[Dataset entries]
* * * * * * *

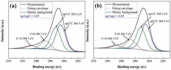 - Silinskas, M.; Grigonis, A. Low energy post-growth irradiation of amorphous hydrogenated carbon (a-C:H) films. Diam. Relat. Mater. 2002, 11, 1026–1030. [Google Scholar] [CrossRef]
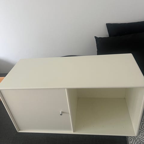 Reol til ophæng. Har fået skader efter utæt flaske med glasrens. Maling krakelerer eller buler op. Men er du en handyman kan det fikses, siger fagfolk.
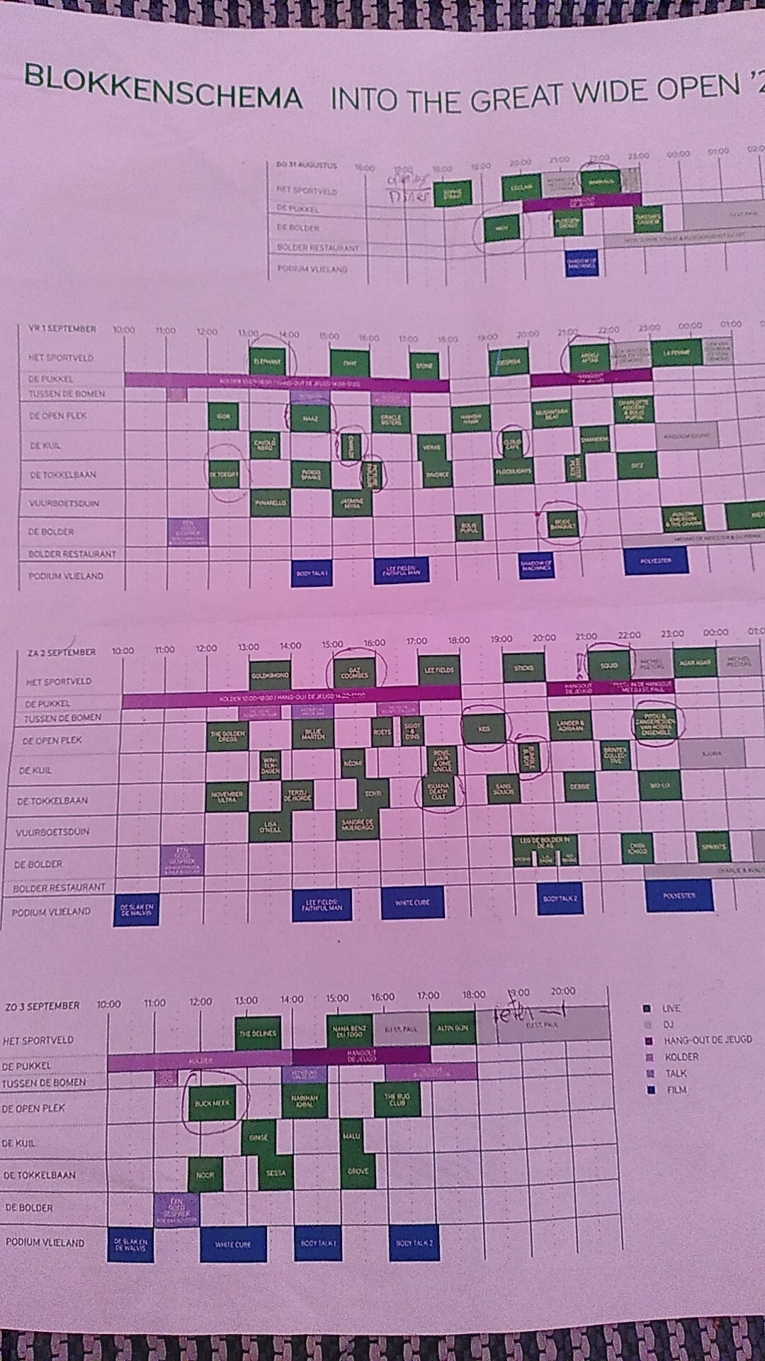 genoeg piketpaaltjes op papier om het hele #ITGWO vorm te geven. genoeg lucht in t schema om kunst te zien, wat verrassends te horen, wat te happen, relaxed.
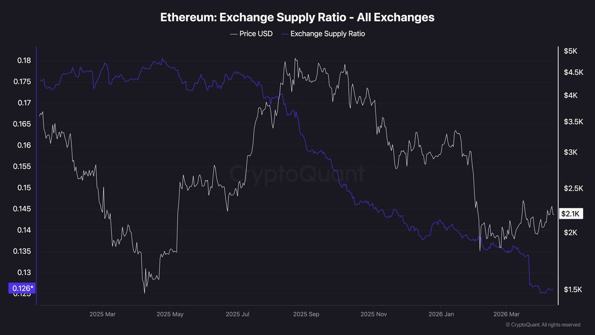 What makes the current reading particularly notable is the growing divergence between supply availability and price. $ETH is trading near $2.1k–$2.2k while exchange-held supply is at levels not seen in the entire dataset. This means that there is structurally less $ETH available to sell on exchanges. In previous cycles, sustained declines in the exchange supply ratio have happened before price recoveries once demand returned.
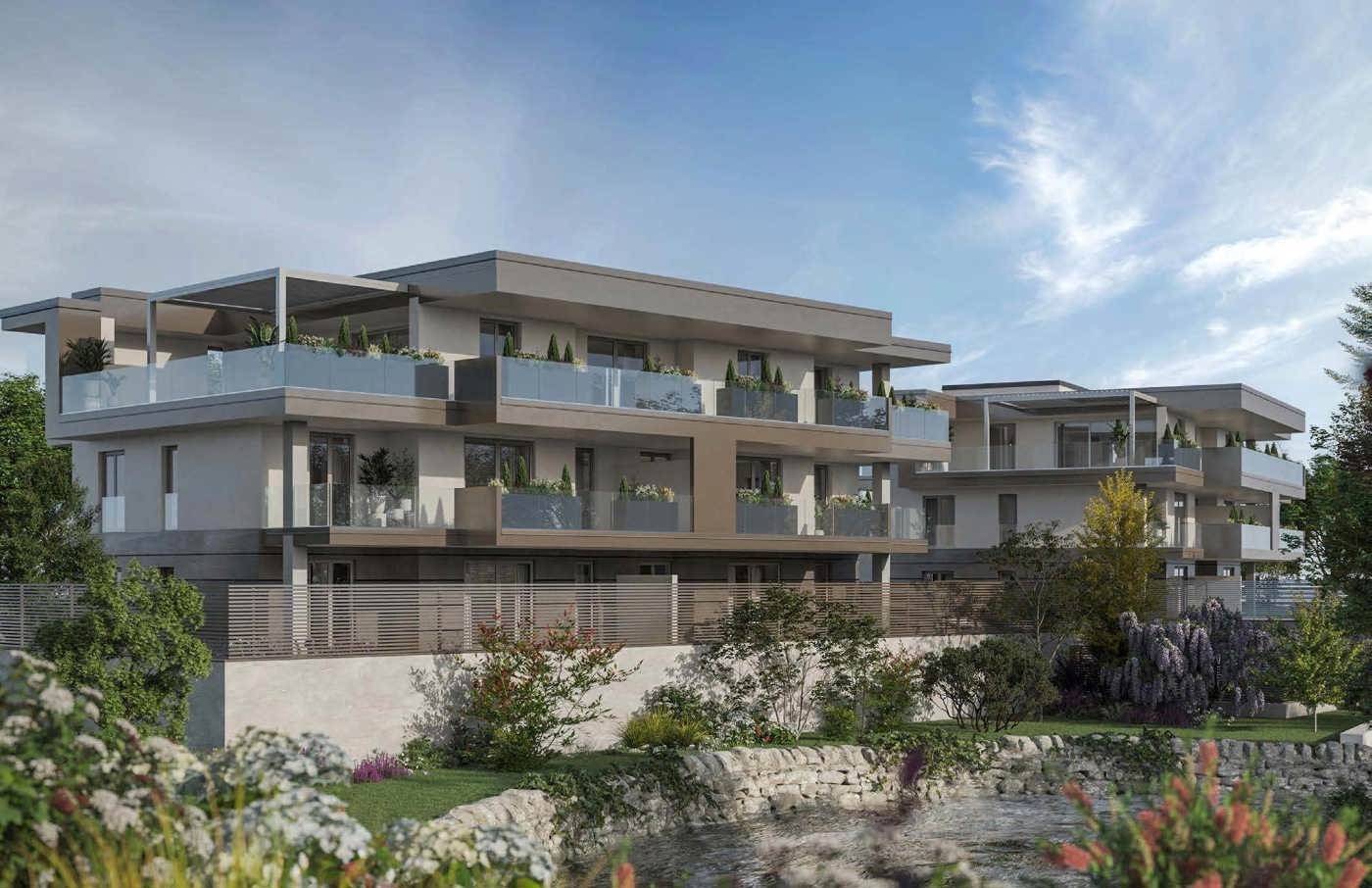 Arona - residenze auraelegante trilocale di 91 mq posto al piano terra con doppio giardino di 61,74 mq collegato da camminamento su tre lati.l?ingresso conduce al luminoso living open space con cucina a vista. Dal disimpegno si accede alla zona notte, composta da camera singola, camera matrimoniale e un bagno completo di tutto. L?ampio giardino privato circonda l?abitazione e l?affaccio su di esso è presente in 2 locali, conferendo una connessione esclusiva tra spazi interni ed esterni. Completa la soluzione immobiliare la possibilità di box auto e cantina di diverse ampiezze. contattateci per richiedere ulteriori informazioni.
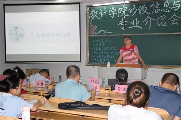 周秀香主任从历史沿革、毕业要求、教学计划和办学成效等方面详细介绍了信息与计算科学专业。她希望同学们提升数学素养,具备自主学习意识,养成自主学习习惯。最后以“勤学惜时,善思笃行”为结。
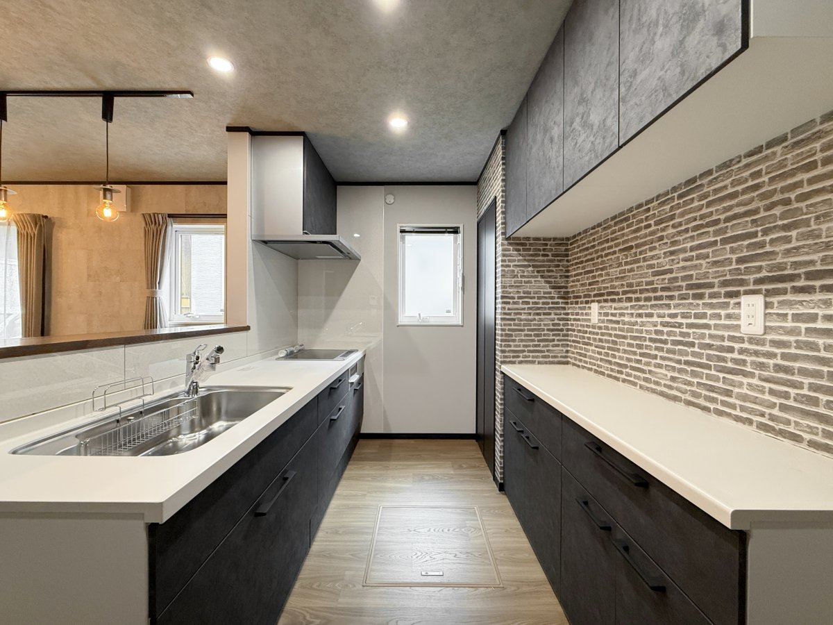 重厚な色合いと洗練された質感が調和する、上質なキッチン空間。
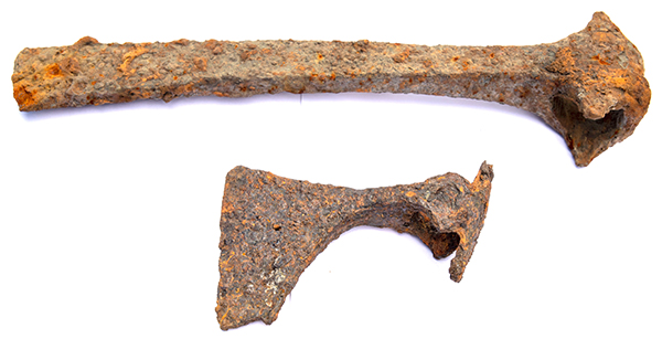 Мужские захоронения в этой части могильника отличаются аскетичным набором инвентаря, включающим нож, кресало с кремешком, оселок и лировидную пряжку. В этой части могильника найдены топоры со щекавицами с необычайно длинным лезвием. В одном из захоронений этот топор сопровождался боевым топориком с вырезным обухом и оттянутым вниз лезвием. Такие топоры широко распространены в древнерусских курганных могильниках XI–XII вв., считаются атрибутом представителей военного сословия. В этом сезоне коллекция Звягинского могильника пополнилась тремя боевыми топорами. Помимо боевых топориков необычной для поволжских финнов является находка навесного цилиндрического замка и ключа. Обычай помещать в погребения эти предметы характерен для скандинавских могильников, например, они известны в Бирке. На территории нашей страны этот обычай также связывается со скандинавскими традициями и встречается в Гнездовских, Владимирских курганах и других дружинных некрополях. Находка западноевропейского денария в этом же погребении позволяет датировать его XI в.
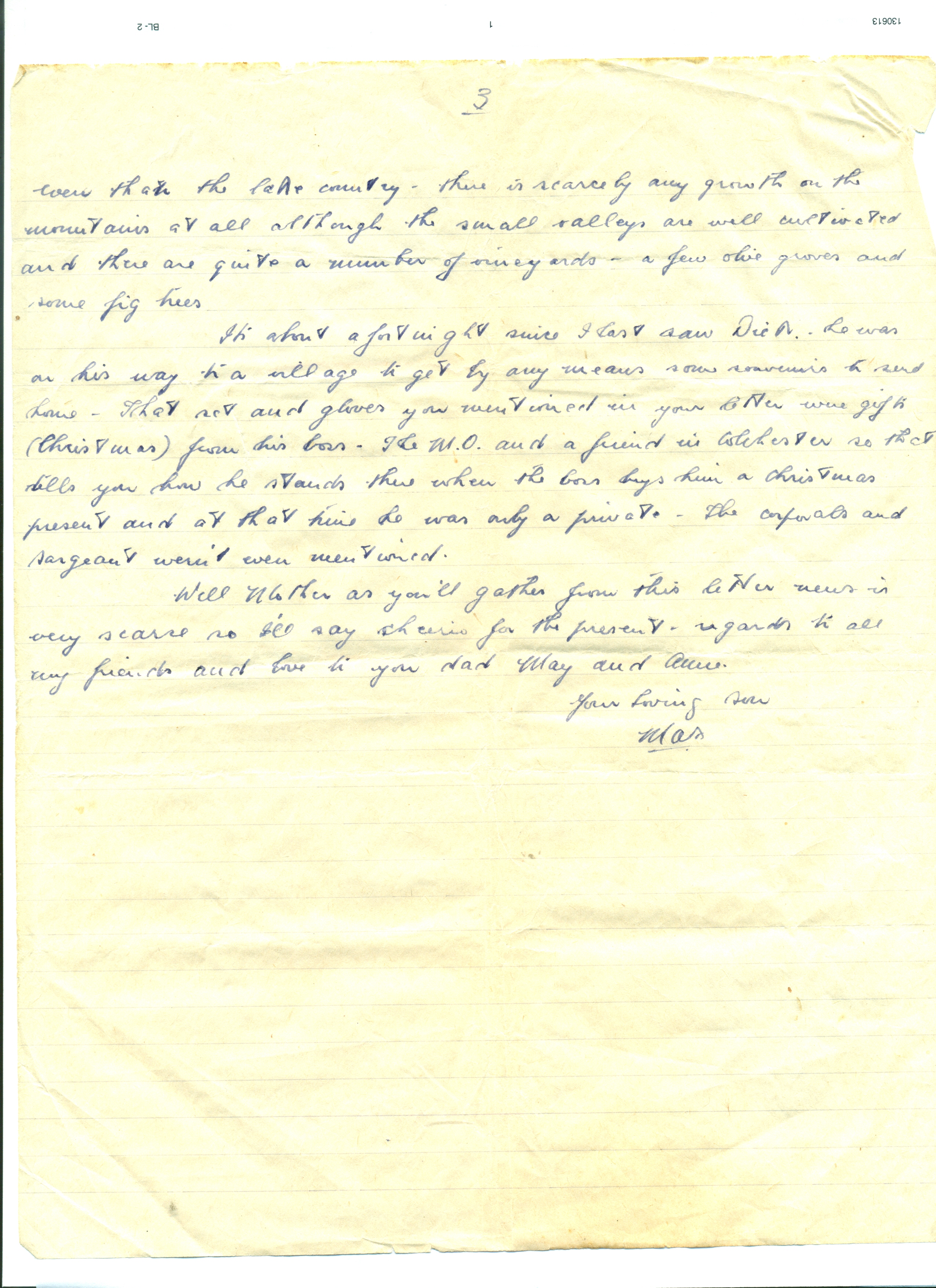 Well Mother as you’ll gather from this letter news is very scarce so I’ll say cheerio for the present – regards to all my friends and love to you, dad, May and Anne.
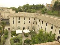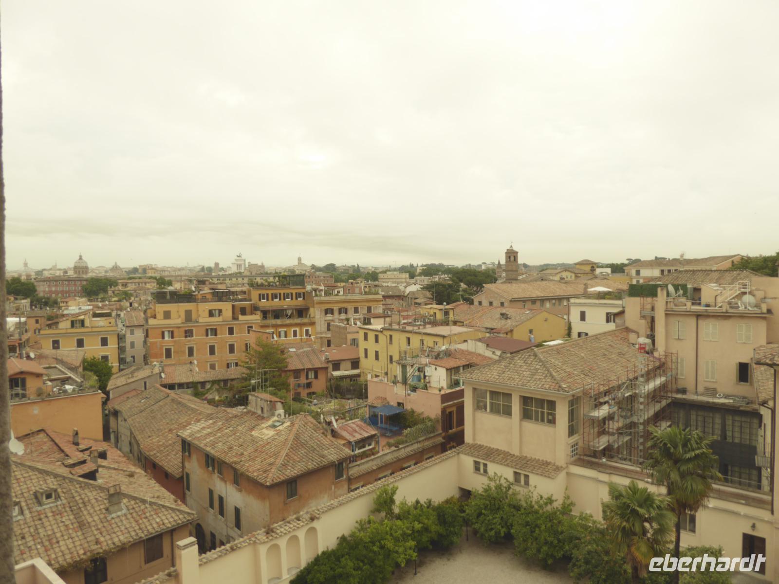 Die Rom-Reisegruppe Eberhardt wurde pünktlich durch Zubringer zum Flughafen Tegel gebracht und traf gegen 13.30 Uhr im Hotel Donna Camilla Savelli an der Via Garibaldi in Trastevere ein. Dem Hotel merkt man an seiner Bausubstanz bei näherem Hinschauen an, dass es früher als Kloster diente. Kein anderer als der Baumeister Bernini hatte im damaligen frühen 17.Jahrhundert Entwürfe für die Errichtung dieses Klosters erstellt.
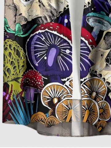 Plus Size Skull Mushroom Tropical Leaf Print Hawaii Buttons Pocket Shirt For Men - Purple - L
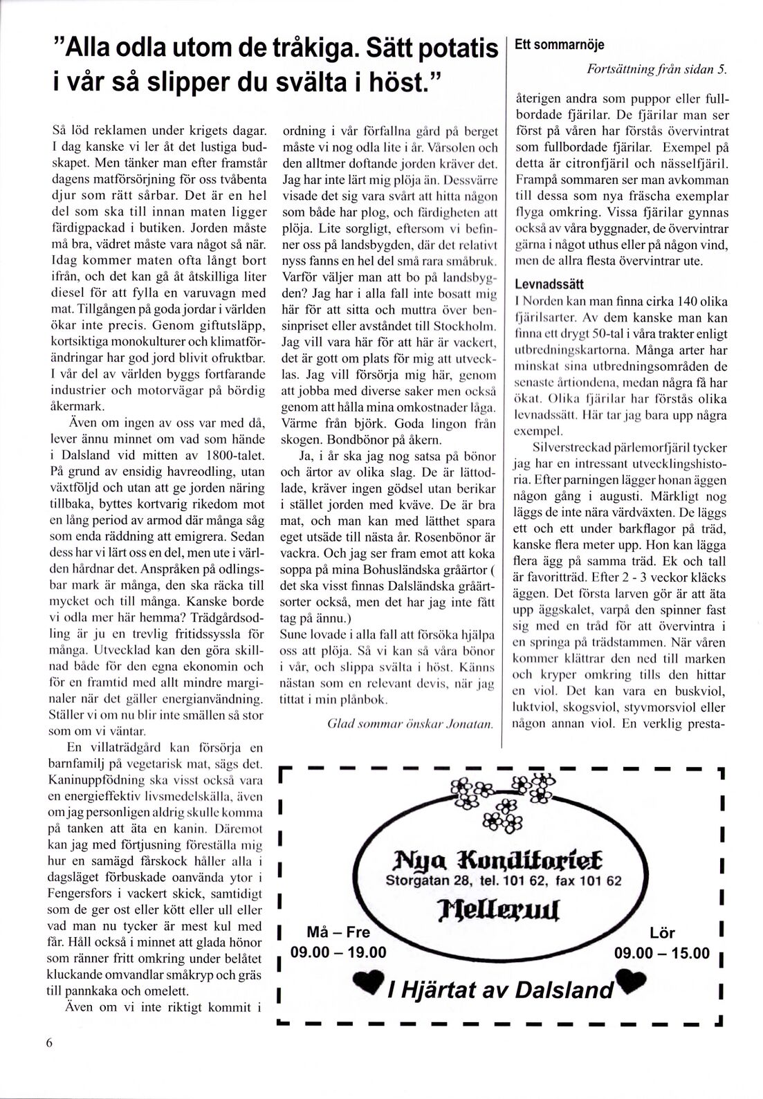 <poem> Innehåll Tema sommar - sid. 1 Föreningen växthuset utökar målgrupp - sid. 2 Kan Ånimmen bli en 5-stjärnig fiskesjö - sid. 3 Att odla utom de tråkiga. Sätt potatis i vår så slipper du svälta i höst - sid. 6
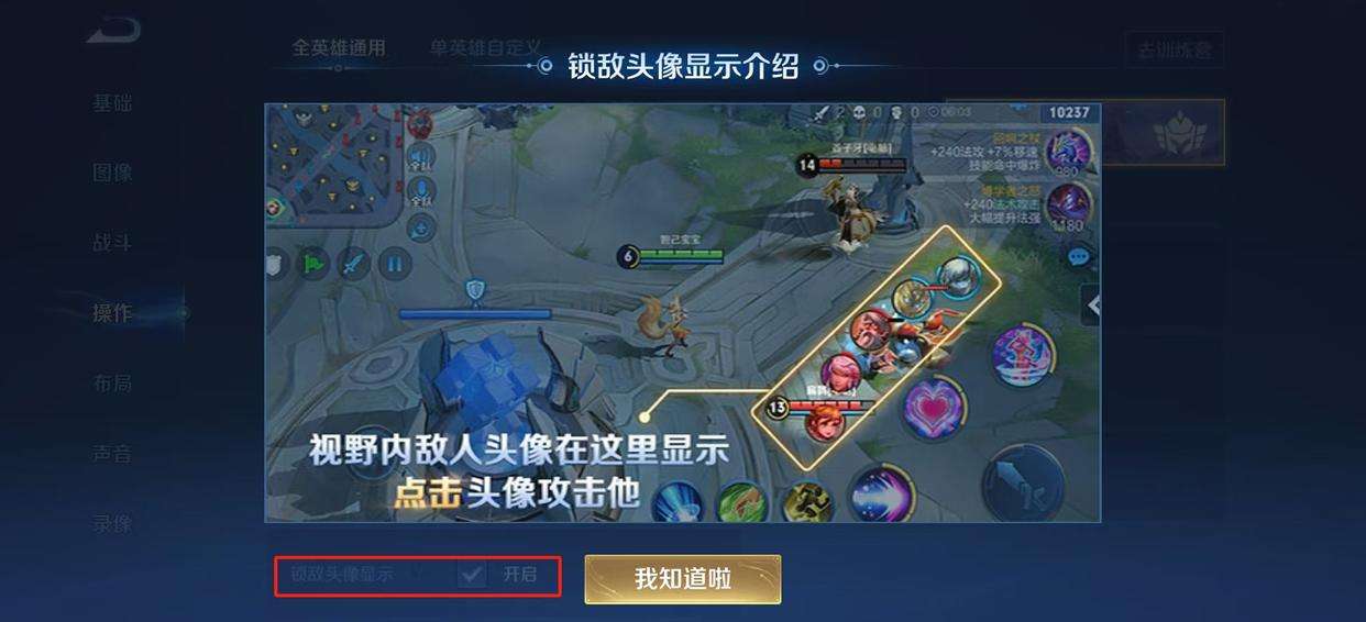 ①在 “操作” 設(shè)置中,還有一個 “鎖敵頭像顯示” 選項。開啟這個選項后,當 敵方英雄出現(xiàn)在視野范圍內(nèi)時,他們的頭像會顯示在屏幕上。
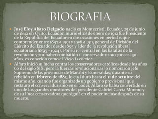 José Eloy Alfaro Delgado fue un político y militar ecuatoriano que se desempeñó como Presidente de Ecuador en dos períodos entre 1897-1901 y 1906-1911. Fue líder de la Revolución Liberal Ecuatoriana que combatió al conservadurismo durante casi 30 años. Sus administraciones consolidaron el Estado nacional ecuatoriano a través de la creación de instituciones como la Escuela Militar y extendieron los derechos y libertades de los ciudadanos.

* * * * * * *

• _Assignment_: Copy only what lies between the line with "genoeg piketpaaltjes op" and the line with "What makes the", those two lines included, exactly as given above; pictures stay out.

• _Task output_:
 genoeg piketpaaltjes op papier om het hele #ITGWO vorm te geven. genoeg lucht in t schema om kunst te zien, wat verrassends te horen, wat te happen, relaxed.
 What makes the current reading particularly notable is the growing divergence between supply availability and price. $ETH is trading near $2.1k–$2.2k while exchange-held supply is at levels not seen in the entire dataset. This means that there is structurally less $ETH available to sell on exchanges. In previous cycles, sustained declines in the exchange supply ratio have happened before price recoveries once demand returned.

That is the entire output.